Wydarzył się tam znany incydent, wykorzystywany później przez propagandę sowiecką. Po odtransportowaniu Żydów do getta przypadkowo została w Łyścu 10-letnia dziewczynka żydowska, córka miejscowego lekarza. To dziecko jeszcze jakiś czas kręciło się po łysieckich uliczkach, aż znalazło się na podwórku posterunku ukraińskiej policji pomocniczej. Za sowietów budynek ten był wykorzystywany jako szpital rejonowy, a później jako przychodnia lekarska. W centrum podwórka znajdowała się studnia. Za jakiś czas z budynku wyszedł komendant, niejaki Kozij, poprosił dziewczynkę, by spokojnie stała koło studni i zastrzelił ją na oczach przypadkowych ludzi. Później się okazało, że Kozij przeżył w zdrowiu wojnę, uciekł z Niemcami na Zachód i następnie okazał się w Stanach Zjednoczonych i na Kostaryce. Żądania władz sowieckich wydania zbrodniarza sądownictwu sowieckiemu były bezskuteczne.
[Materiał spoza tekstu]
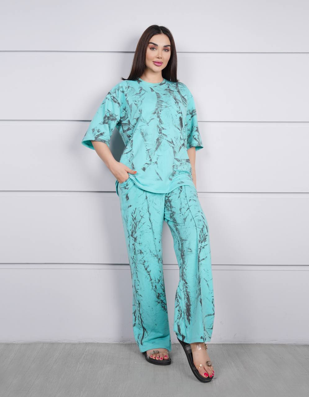ست زنانه تیشرت شلوار گلکسی مدل آبرنگی کد 8681
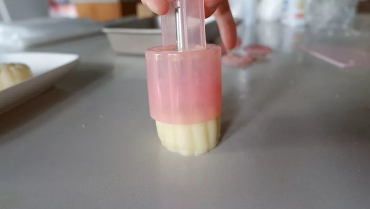 采用50g规格模具进行压膜,小心月饼出膜
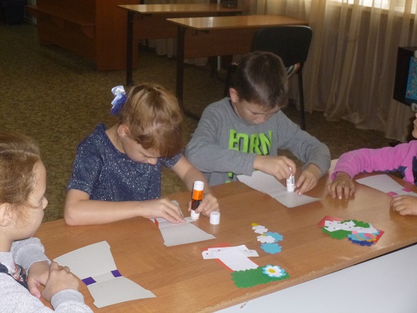 На это творческое мероприятие были приглашены дети из замещающих семей. Каждый ребенок получил заранее приготовленный мини-набор из картона и цветной бумаги. Ребята с большим удовольствием взялись за работу. Немного терпения - и поздравительная открытка готова.
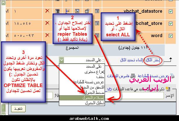 الخطوة العاشرة / بكذا نكون أصلحنا الجدول ولكن لزيادة التأكد ، تنزل تحت في أسفل الجداول بتلقى كلمة إختر الكل أو select ALL تضغط عليها لتحديد جميع الجداول ، من قائمة بجانبها على اليسار إختار " إصلاح الجداول " أو بالانقلش تكون " repier Tables " تلاحظ راح يعملك إصلاح للجداول ، ثم تكرر نفس الخطوة تحدد الكل وتختار ضغط الجداول أو تحسين الجداول بالإنقلش تكون " Optimize Tables " شاهد الصورة :
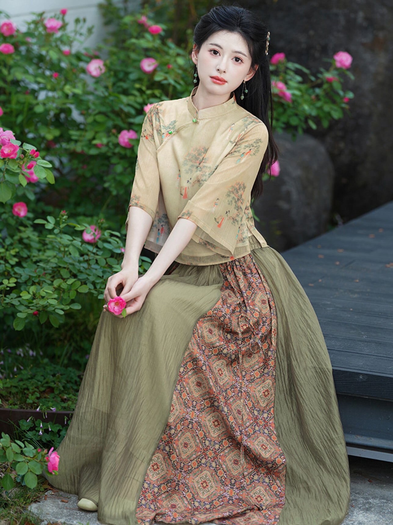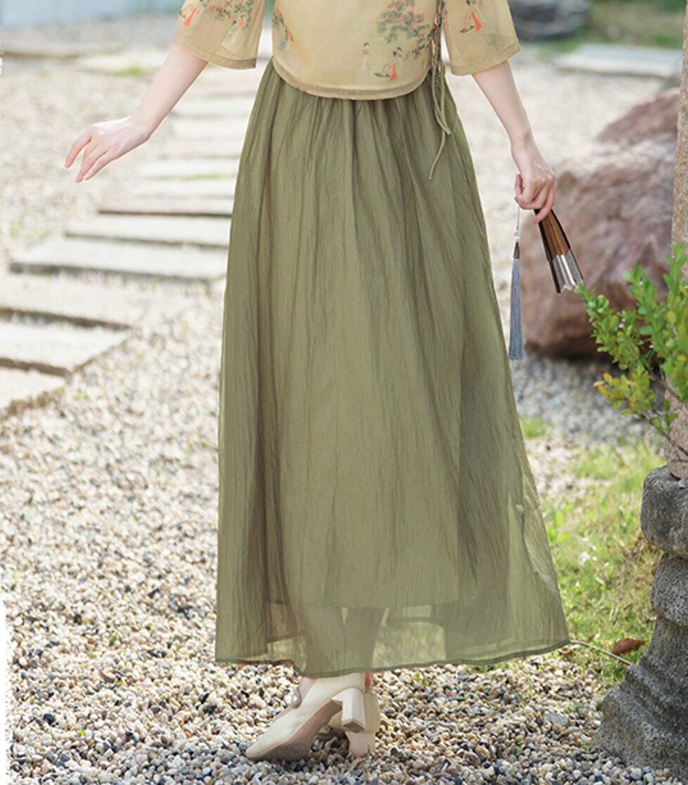 チャイナ服 スカート 夏物薄手 涼しげな風合い ロングスカート 切り替えスカート Aライン 民族衣装 zq154
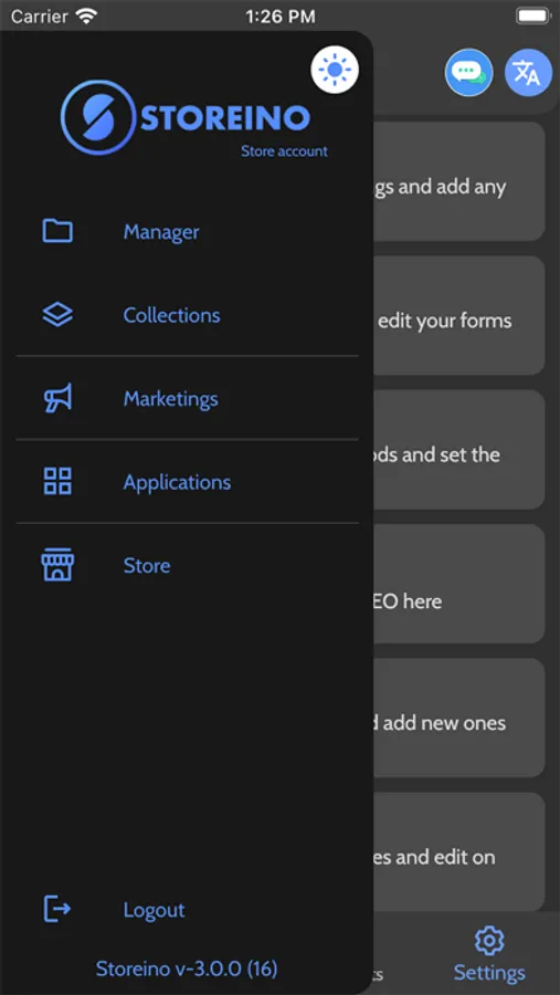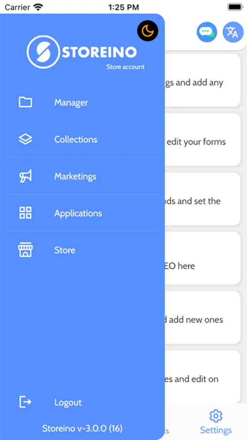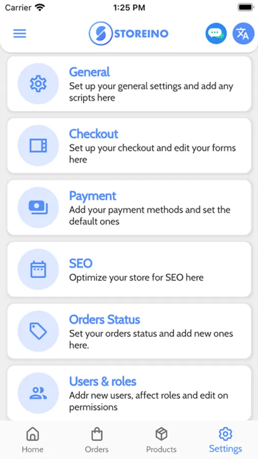 On Storeino application you can:
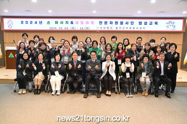 (뉴스21통신/우정석기자) = (사)울주군자원봉사센터(이사장 손덕현)가 4일 군청 문수홀에서 자원봉사자 30여명을 대상으로 손마사지&네일아트 전문봉사단 양성교육을 진행했다.
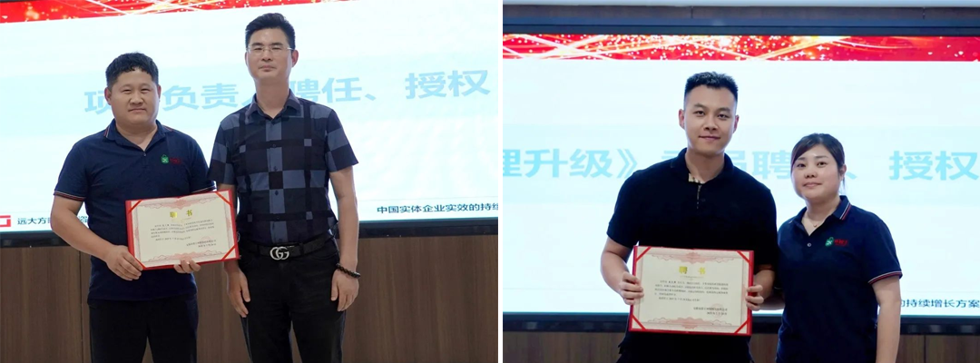 會上,潘總和李總對遠(yuǎn)大方略項(xiàng)目組進(jìn)行了聘用授權(quán),為項(xiàng)目小組關(guān)鍵人員頒發(fā)了聘書,并簽訂誓言集體宣誓,鼓勵(lì)大家全力以赴投身變革,共同創(chuàng)造更具競爭力的企業(yè)。
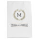 Silver and gold laurel wreath frame with a customizable monogram on a white background.
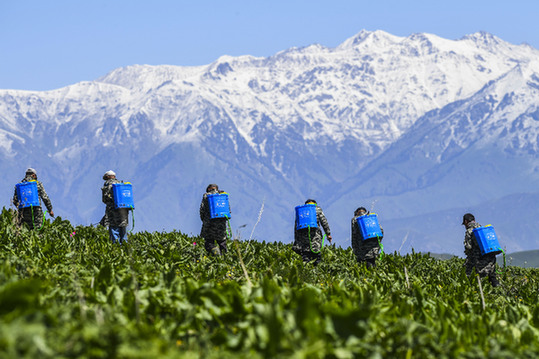 圖為村民在那拉提草原深處噴灑除毒害草藥劑。
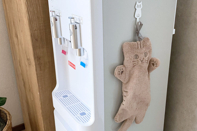 「ねこのループ付きキッチンタオル」などのループがついたタオルを引っかけて、ウォーターサーバーのお手入れ用などに活用するのもおすすめです◎
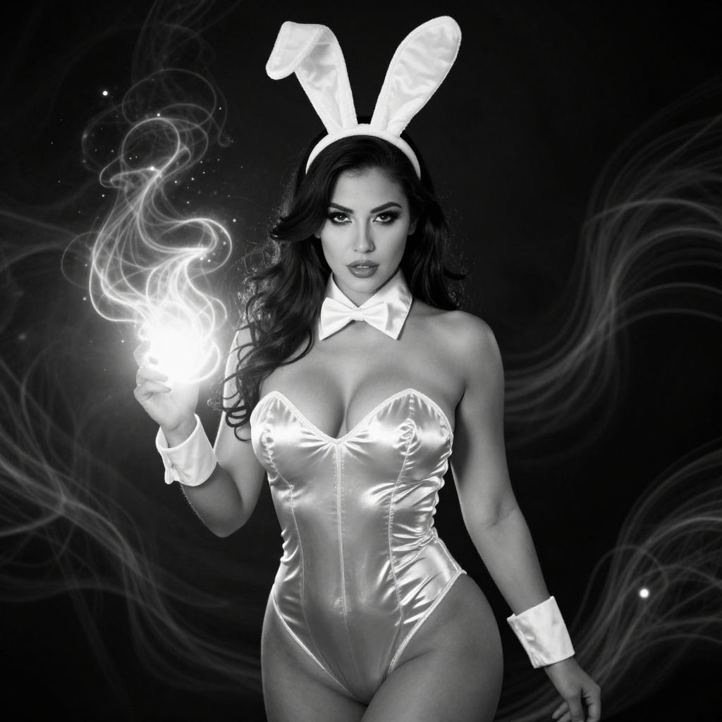 Black-and-white digital artwork of a sultry, curvy woman with long hair, wearing a tight, shiny bunny costume with a headband featuring bunny ears. She's holding a glowing, ethereal light in front of her, creating a halo effect. The background is dark with abstract, swirling patterns. Her intense gaze and the dramatic lighting give the image a mysterious, almost supernatural vibe.
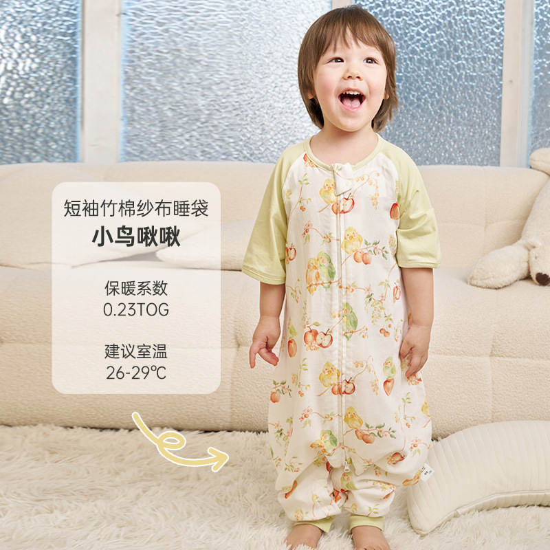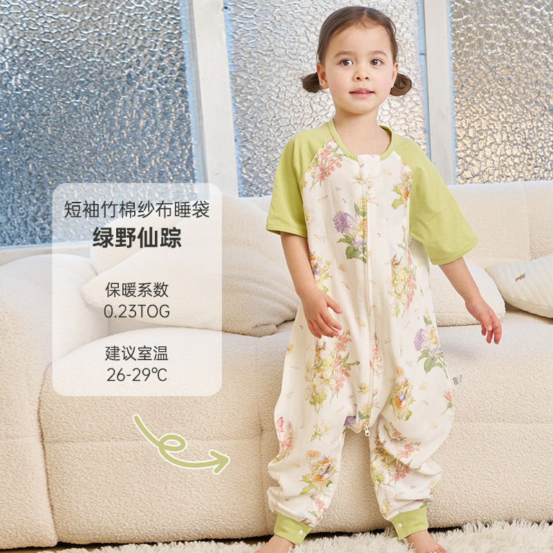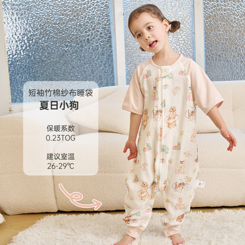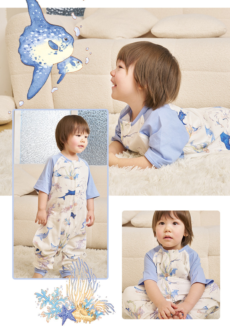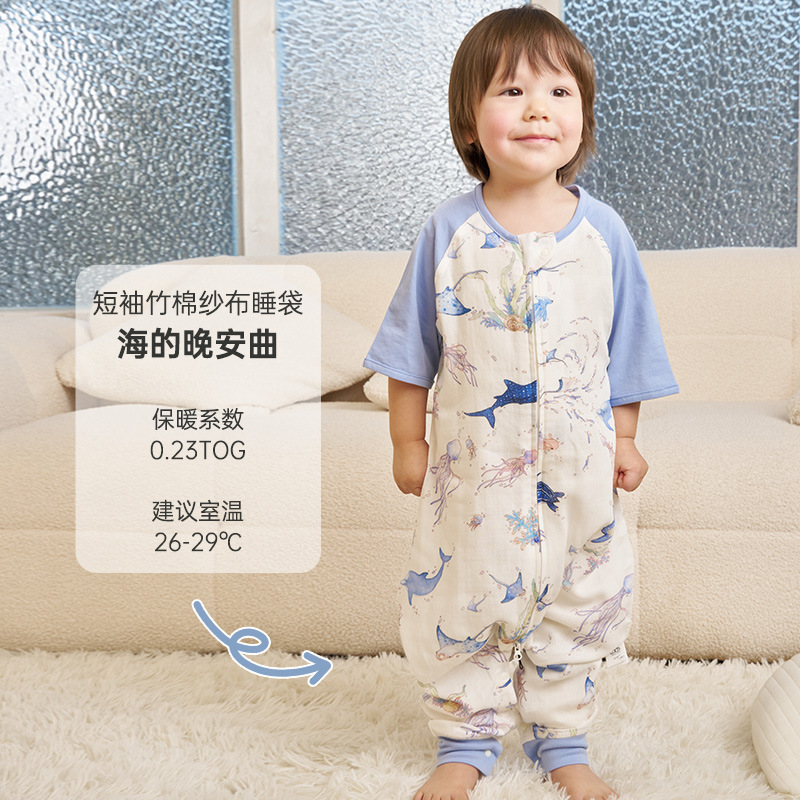 안단 신상 봄여름 얇은 수면조끼 아기 에어컨방 대나무면 반팔 다리 분리형 아동 수면조끼 유아 롬퍼

I jeszcze o jednym incydencie w Łyścu, dotyczącym też „czarnej policji”. W roku 1944, w styczniu w święto Chrztu Pańskiego, zwanego na Kresach „Jordanem” (19 stycznia) przy wyjściu z cerkwi na oczach ludzi został zastrzelony komendant posterunku „czarnej policji”, niejaki K. Przyczyną jego „likwidacji”, jak głosiła fama, było przychylne nastawienie do Polaków i obrona ich przed nocnymi napadami i rabunkami. Wydarzenie to miało miejsce pod koniec niemieckiej okupacji (skończyła się w ostatnich dniach marca 1944 roku, wtedy też zaczęła się masowa ucieczka niemieckich kolaborantów i części okupacyjnej administracji). W styczniu 1944 roku władza hitlerowska była jeszcze „twarda”.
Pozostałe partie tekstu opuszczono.